# Buck that I am purchasing (more then likely)



## kelebek (Oct 5, 2007)

This is the sire to the four new does that I brought home yesterday. He is scared to death of people, but he is a nice looking man. Very small - nicely put together. She offered him to me when I picked up the girls - but hubby said no at the moment - but she is keeping him through spring at least and I can purchase him at any time.

You can see his pedigree through any of my new registered girls' thread.

I call him HNK but his registered name is HugsandKisses (for a boy!!)

He is a looker for sure!


----------



## liz (Oct 5, 2007)

I really like him! His color would be "buckskin" right? He is a deep and wide boy and his "toes" look real good!


----------



## kelebek (Oct 5, 2007)

Yah he seems pretty straight and nice - but he needs a nail trim bad.

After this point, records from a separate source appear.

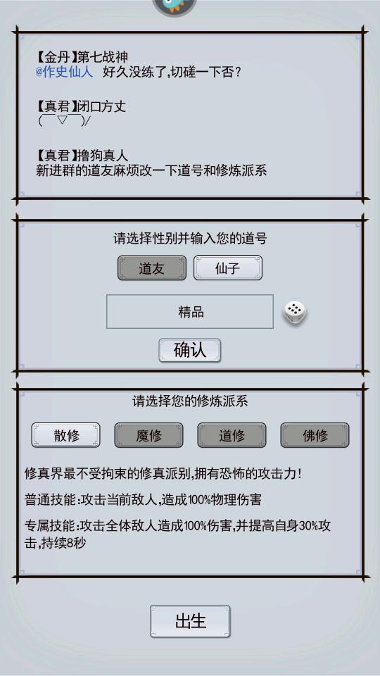 战盟修真群游戏正式更名为战盟游戏,它是一款以修仙为主题的文字放置类游戏,用火爆网友代入,幽默搞笑的剧情融入,玩家在游戏中体验沉浸式的文学阅读体验,是个非常现代化的修真小说mud文字放置游戏,有兴趣的可以试试。
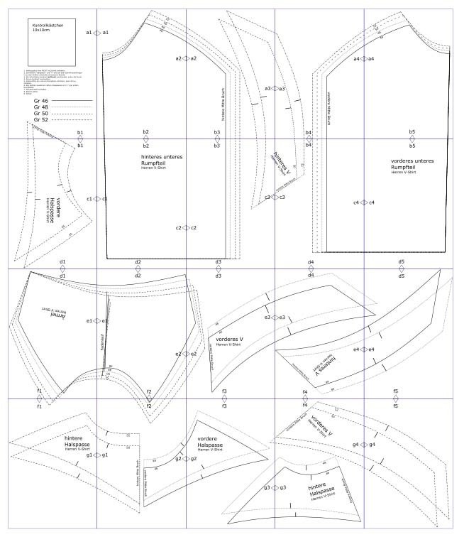 PDF Anleitung und Schnittmuster für ein Herren T-Shirt mit V-Bögen in den Größen 46-48-50-52.
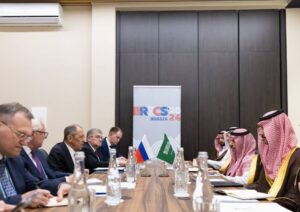 اجتمع الأمير فيصل بن فرحان بن عبد الله وزير الخارجية، اليوم، وزير خارجية روسيا الاتحادية سيرجي لافروف، على هامش مشاركة المملكة، كدولة مدعوة للانضمام لمجموعة بريكس، في الاجتماع الوزاري لمجموعة بريكس في مدينة نيجني نوفغورود الروسية.
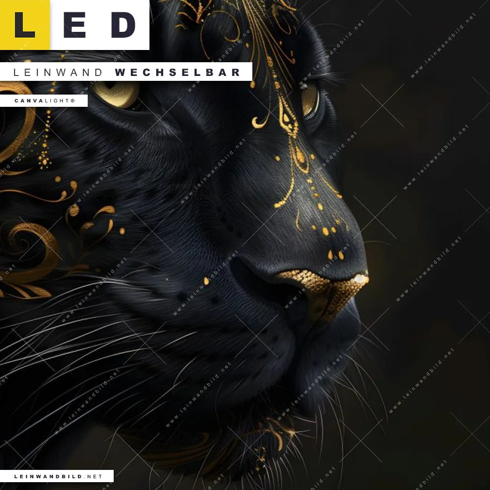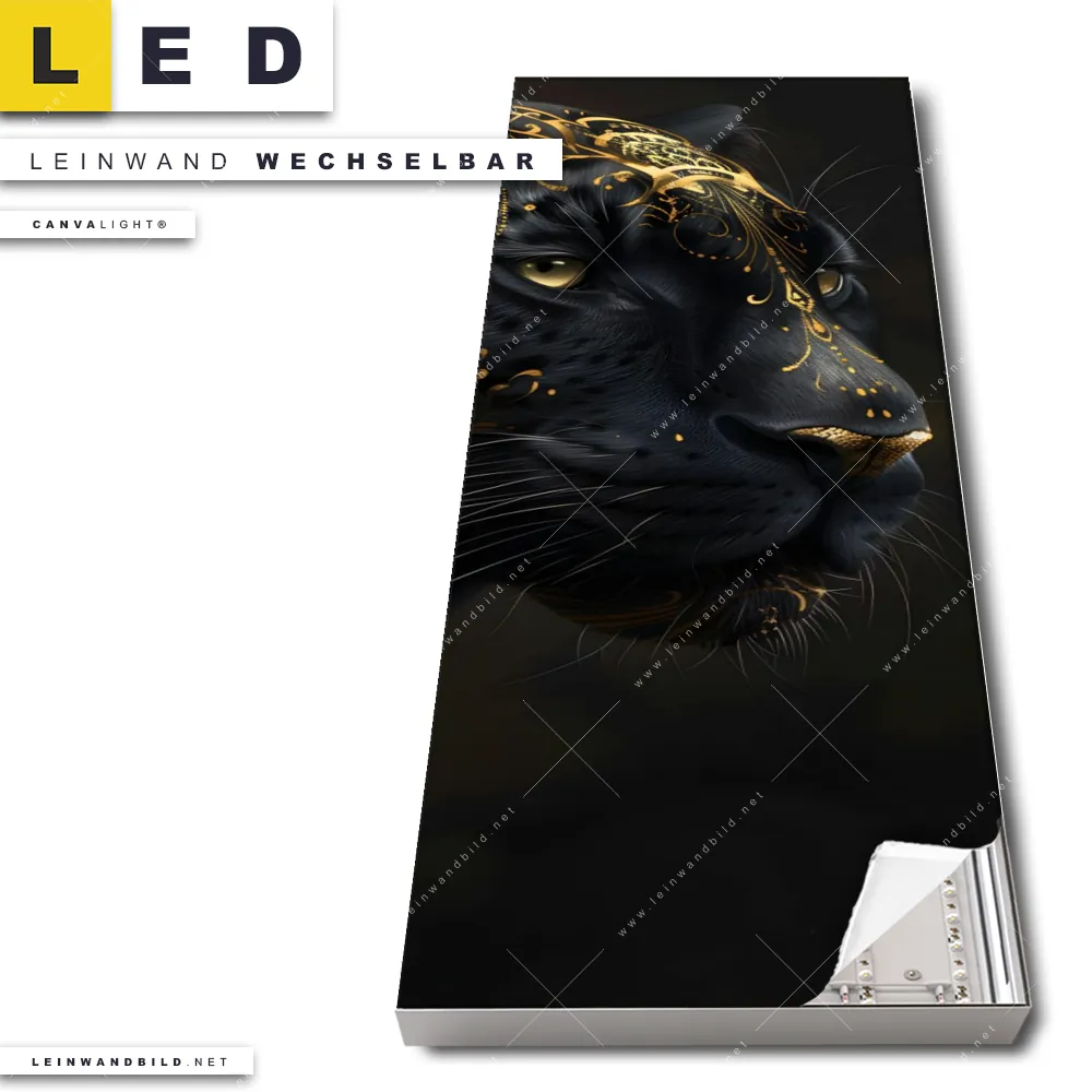 LED Leinwandbild Canvalight® TEX | Panther mit goldenen Ornamenten | Schmal
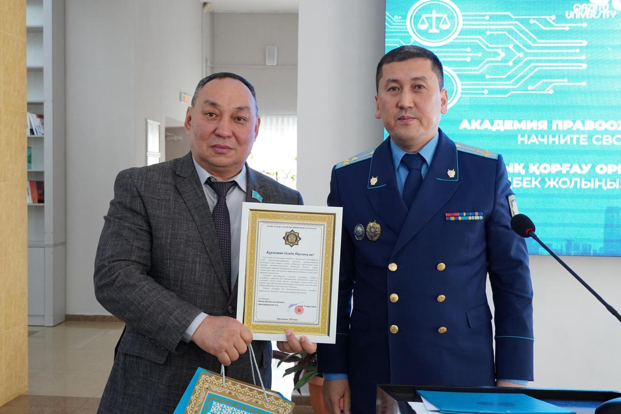 2025 жылдың 20 қыркүйек күні “ Заң және тәртіп” қағидасы аясында Қазақстан Республикасының Бас прокуратурасының бастамасымен Қазақстанның инновациялық және телекоммуникациялық жүйелер университеті базасында “Болашақ прокурор кеңістігі “ ашылды. Бұл – еліміз бойынша “Құқықтану” білім бағдарламасын оқытатын жоғары оқу орындары арасында 11-ші болып ашылған бұрыштама. Шараға Бас прокуратураның кадрлық жұмыс департаментінің басқарма бастығы Е.З.Уәли, БҚО прокурорының м.а. Д.Б.Умаргалиев, БҚО прокурорының орынбасары А.Ә.Сәтбаев, БҚО прокуратурасының аппарат басшысы Е.Рахымжанұлы, БҚО прокурорының аға көмекшісі Ж.Ө.Иманғалиева, БҚО прокуратурасының топ басшысы Д.Е.Нұрсұлтанова, Орал қаласының прокуроры М.Е. Изимов және университетіміздің құрылтайшысы, профессор А.С.Әйтімов, ректор А.Н.Баяхов, ректорат мүшелері, оқытушы- профессорлық құрамы және студенттер қатынасты. “Болашақ прокурор кеңістігі” тақырыбы бойынша ашылған бұрыштамада Қазақстан Республикасының прокуратура қызметінің жүйесі, республикамыздың барлық облыстарының прокуратурасының құрлымы, қызметі, жетістіктері, прокуратура қызметін реттейтін құқықтық актілері, Бас прокуратураның нұсқаулықтары, прокуратура саласында қызмет атқаратын ғалымдардың монографиялары, диссертациялық жұмыстары, қадағалау актілерінің құрлымдық тәртібі бойынша әдістемелік нұсқаулықтар, ғылыми әдебиеттер мен пәндік оқулықтар, республикамызда шығарылатын құқықтық журналдар және де прокурордың қызметтік формасы орналасқан.

The girls hooves were pretty bad so I can only imagine how his are.


----------



## toth boer goats (Jul 20, 2008)

handsome boy for sure.......................


----------



## capriola-nd (Jul 6, 2008)

Nice boy!


----------



## FancyAppy (Oct 21, 2008)

Beautiful color and love his overall look. Hope he is yours in the Spring.


----------



## Sweet Gum Minis (Oct 6, 2007)

He's very handsome, but since you have 4 of his daughters now I would just find another buck. I like his sire (Megabuck) but I don't know anything about his dam's side. I would just look for an unrelated buck who's even better if you can. Your buck should always be better than your does so that he can improve your does.

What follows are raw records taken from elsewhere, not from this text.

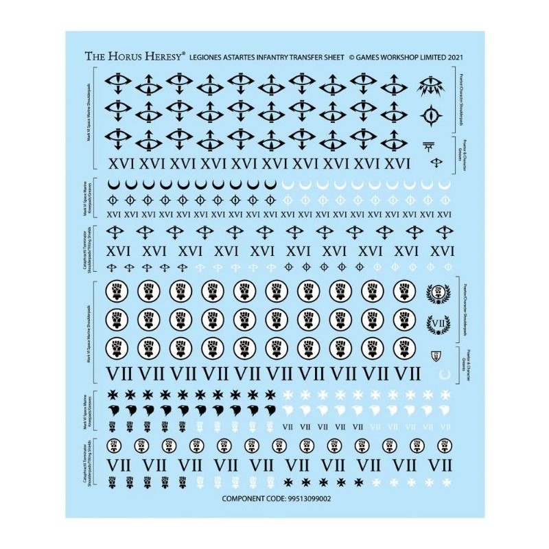 Cette figurine ne comporte pas de marquage de Légion, pour permettre aux hobbyistes de Warhammer de la peindre à leur guise. Ceci dit, la boîte contient une planche de décalcomanies avec 42 marquages optionnels et de l'iconographie pour les Légions des Sons of Horus et des Imperial Fists.
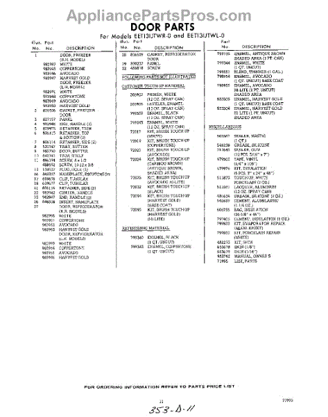 Parts for Whirlpool EET131JTWR0: 11 - Lit / Optional Parts
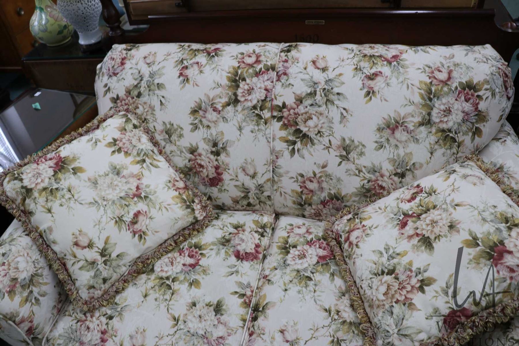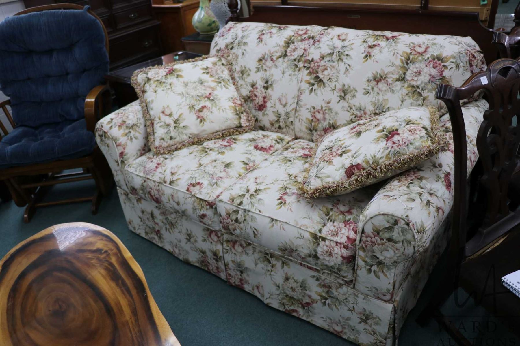 Lot 209a Ashley Home Furniture- Cora Rose loveseat with matching fringed cushions, 58" in width
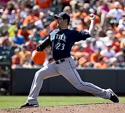 - ^ Withers, Bud (May 12, 2013). "Safeco Joe eager to break pattern on road". The Seattle Times. Archived from the original on July 15, 2014. Retrieved July 9, 2014.
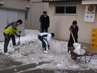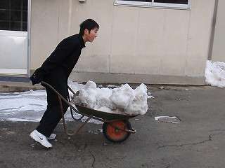 いよいよ卒業式まで4日となりました。昨日公立高校入試を受けてきた生徒が、除雪の手伝いを始めました。3月10日(木)の朝、今朝も3年生の「雪かき隊のボランティア隊」が登場し、雪割りと雪運びをしました。いよいよ卒業まで4日間です。
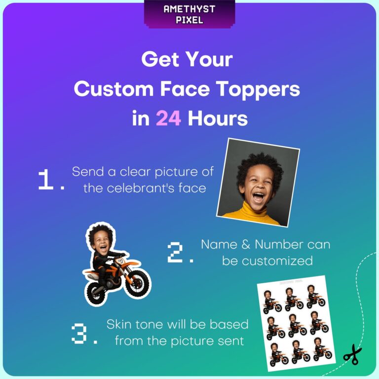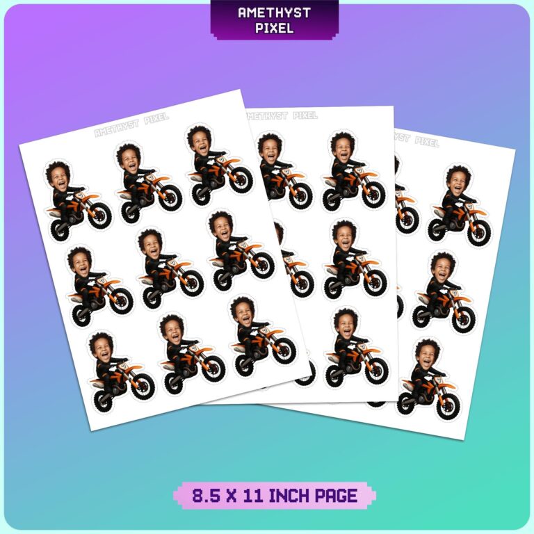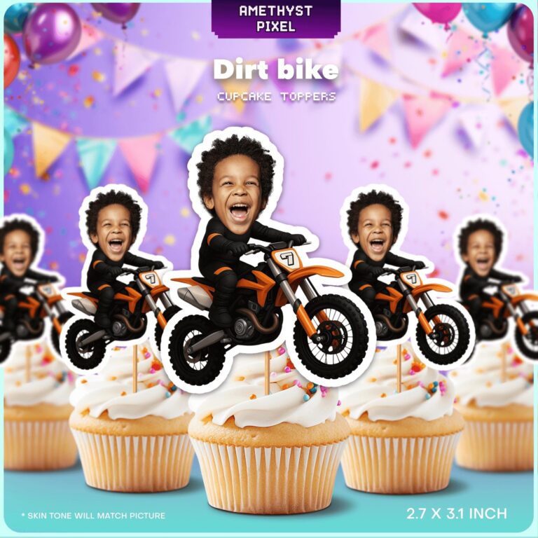 Kickstart the celebration with our high-energy custom face dirt bike cupcake toppers, the ultimate addition to any motocross birthday bash. This fearless design showcases a rider clad in a sleek black racing suit, maneuvering a powerful orange dirt bike with style. We expertly crop your child’s smiling face onto the body, transforming them into the star athlete of their own extreme sports party. Ideal for toddlers and young boys who crave adrenaline, these personalized decorations bring laughter and excitement to your dessert spread. Whether you are topping frosted cupcakes or adding flair to a 'mud-pie' brownie tray, these printable accents ensure your event finishes in first place. Experience the thrill of custom party decor that captures the true spirit of off-road racing.

Congratulations on the 4 new additions!!!


----------



## kelebek (Oct 5, 2007)

I have Turner also as an upcoming buck, and I am keeping my eyes open for another buck - but we will see.

Thanks all~


----------



## capriola-nd (Jul 6, 2008)

That is a good point Ashley brought up. . . . didn't even cross my mind. You'll only be able to breed him to some of your does. That would make things a little more difficult. 

That's the main (and probably only reason) we're selling Royal Blue next year. We'll have several daughters by then and can't breed them to him - cannot handle more than two bucks (yes, I'm looking at getting two new bucklings! :hammer: )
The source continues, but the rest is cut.